August 1, 2020

Review: Made to Order: Robots and Revolution

Made to Order: Robots and Revolution Made to Order: Robots and Revolution by Jonathan Strahan
My rating: 4 of 5 stars

Anthologies can be pretty hit and miss for me. A lot depends on the theme, and even more on the editor selecting stories that properly fit the theme. Jonathan Strahan has won multiple editing awards, and this collection of stories hits the bulls-eye more often than not. There aren't any typical AI rebellions or Terminator-style apocalypses to be found here--like the good editor he is, Strahan has picked stories that go in different directions.

The highlights:

“Test 4 Echo,” Peter Watts. This has Watts’ trademark hard science, a sympathetic central character, and a bleak, depressing ending. The ending is a little more bleak and depressing than usual, even for him.

“Bigger Fish,” Sarah Pinsker. This has a (slightly abrupt) twist ending that is a very literal, very robotic and more than a little frightening–once you think about it–interpretation of Asimov’s First Law.

“Dancing With Death,” John Chu.
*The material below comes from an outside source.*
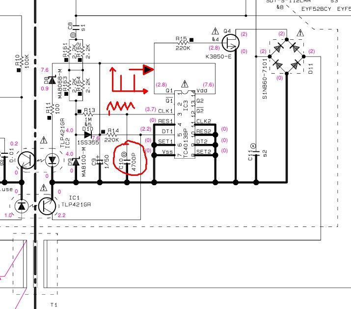 Möchte nichts weiter zum Thema beitragen außer mich zu bedanken! Der Tipp mit dem C8 hat auch meine beiden Geräte hier gerade gerettet. Ohne hätte ich das wohl nicht herausgefunden. Hätte auch nicht erwartet, dass die Folienkondensatoren kaputt gehen. 😅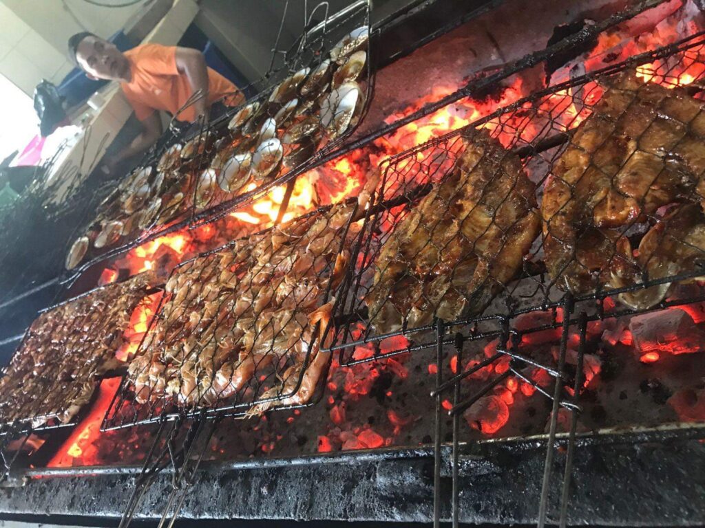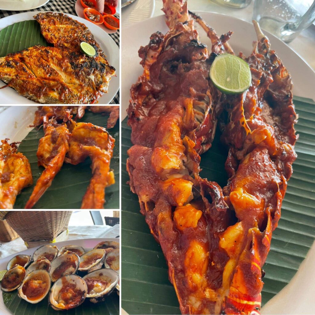 Ami a tuti ebben a partszakaszban, hogy 25-30 vendéglő van egymás mellett - mindegyik ugyanarra a közepesen sem komplikált üzleti modellre épít: a frissen kifogott mindenféle tengeri kis és nagy állatok azonnali megsütése tűzön. Az étlapról lehet mindenből választani, mi rámentünk egy családi csomagra. Hát pofoz minket az élet az biztos!!!! Rák, kagyló, hal, tintahal és homár is sült... Jéééézusom de finom volt!!!

The author is clearly a figure skating fan, which tickled me to no end, combining robots with ice dancing (as well as a minor Chinese god).

“Chiaroscuro in Red,” Suzanne Palmer. One of the longer stories in the book, this is a down to earth, Everyman sort of tale about a college kid whose parents buy him an aging factory robot, and he ends up rescuing said robot.

“A Glossary of Radicalization,” Brooke Bolander. The final story in the book, this has Bolander’s usual gritty setting, themes of social justice, and undercurrents of seething rage.

Even the one or two stories I didn't care for I could see someone else loving. That's the mark of a good anthology. This collection is well-balanced and well-edited, and you should add it to your reading list.